Eine musikalische Reise in eine andere Kultur gab es für das Publikum durch «Mboa», den nationalen Jugendchor aus Kamerun. Die jungen Sängerinnen und Sänger traten in traditionellen kamerunischen Gewändern auf und sangen unter anderem ein Freudenlied der Baka, eines Volkes, das in Kamerun und umliegenden Ländern lebt. Zu hören war ausserdem das Lied «Soir au village» des berühmten Kameruner Saxofonisten und Sängers Manu Dibango. Dieser setzte sich während seiner internationalen Karriere für die Belange des afrikanischen Kon­tinents ein und wurde im Jahr 2004 von der Unesco als «Künstler für den Frieden» ausgezeichnet.

Als Jugendchor Kameruns rekrutiert «Mboa» jährlich 32 neue Mitglieder im Alter zwischen 16 und 26 Jahren für seine pädagogischen und künstlerischen Projekte. Während mehrerer Wochenenden wird ein sowohl klassisches als auch zeitgenössisches sowie traditionelle kamerunische Stücke umfassendes Repertoire erarbeitet.

Eine andere Welt ist möglich

Klanglich hervorragend fügte sich die dritte Formation, der Mädchenchor «Tiara» aus Lettland, in die Gemäuer des Doms ein. «Tiara» ist Teil der Chorschule des Rigaer Doms und als solcher ein kreatives Labor für Komponistinnen und Komponisten aus dem ganzen Land. Die Mädchen absolvieren ein anspruchsvolles Ausbildungsprogramm, das neben Chorgesang auch Instrumentalunterricht oder Bühnenpräsenz umfasst. Von den Mädchen und jungen Frauen gab es klanglich wie rhythmisch anspruchsvolle Interpretationen – vor allem kirchlicher Natur – zu hören.
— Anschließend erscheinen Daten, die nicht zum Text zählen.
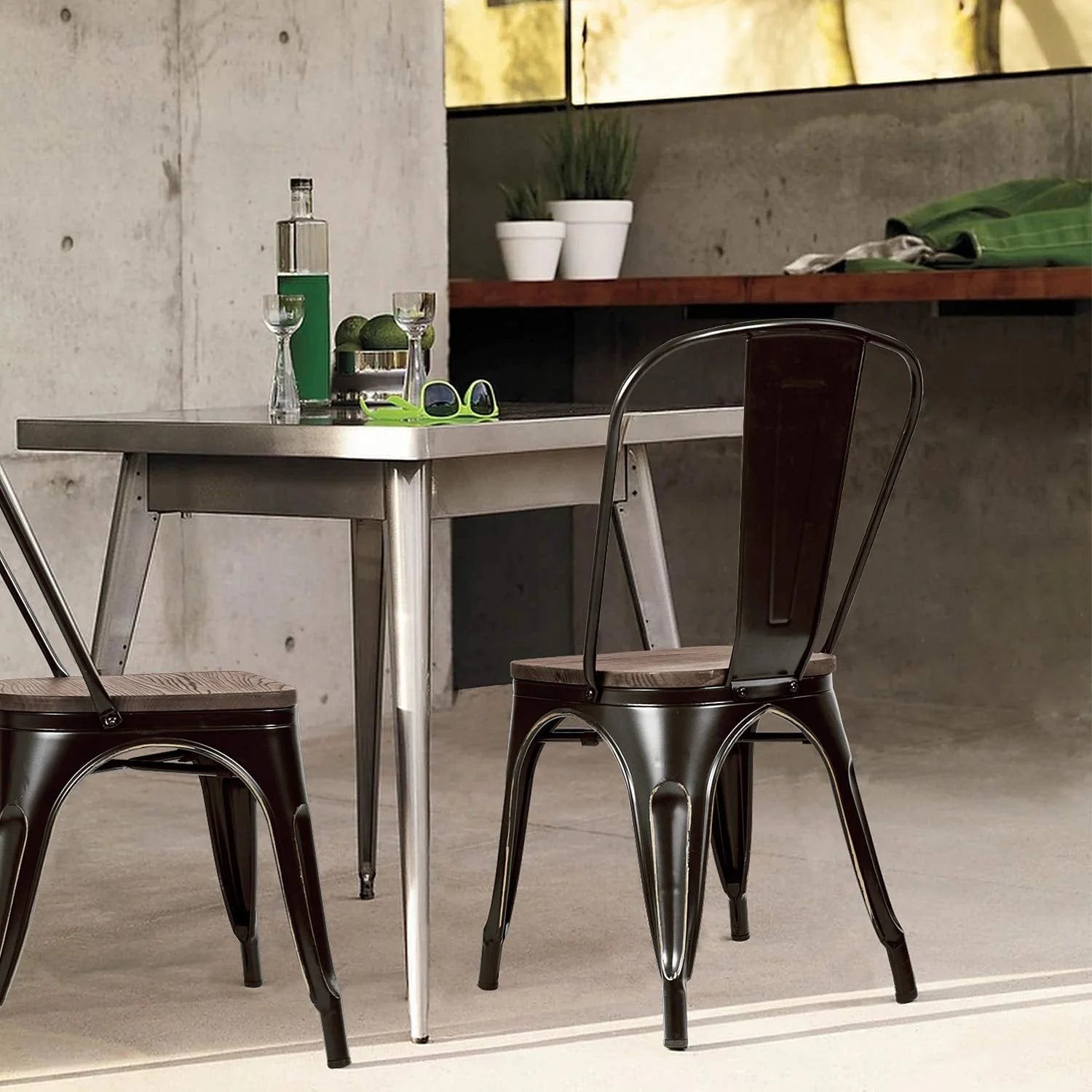 Lacoo Indoor-Outdoor Use Stackable Chic Dining Bistro Cafe Metal Chair, Set of 4, Black Gold
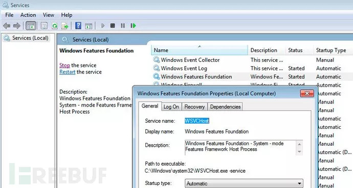 执行之后,恶意软件会在目标系统的system32或SysWoW64目录中存放WpmPrvSE.exe (标记为TROJ_DLOADER.COGBA),然后开启一个名叫WPM Provider Host的服务。下图即为该服务的相关属性:

So etwa Kyrie aus der «Missa Brevis» oder «Ave Regina caelorum».

Zum krönenden Abschluss des Konzerts verteilten sich die jungen Leute aller drei Formationen in einem Kreis um das Publikum und sangen «Dona Nobis Pacem» und «Musik ist Everywhere» des Schweizer Komponisten Ivo Antognini. Am Konzert fehlte überdies auch die Grussbotschaft des Arlesheimer Gemeinderates nicht: «Hier begegnen sich junge Menschen nicht im Wettbewerb, sondern als Gemeinschaft. Die Musik macht da Hoffnung, wo die Politik versagt», sagte der für Kultur zuständige Gemeinderat, Hartmut Vetter (Frischluft). Und: «Eine andere Welt ist möglich. Sie klingt wunderschön.»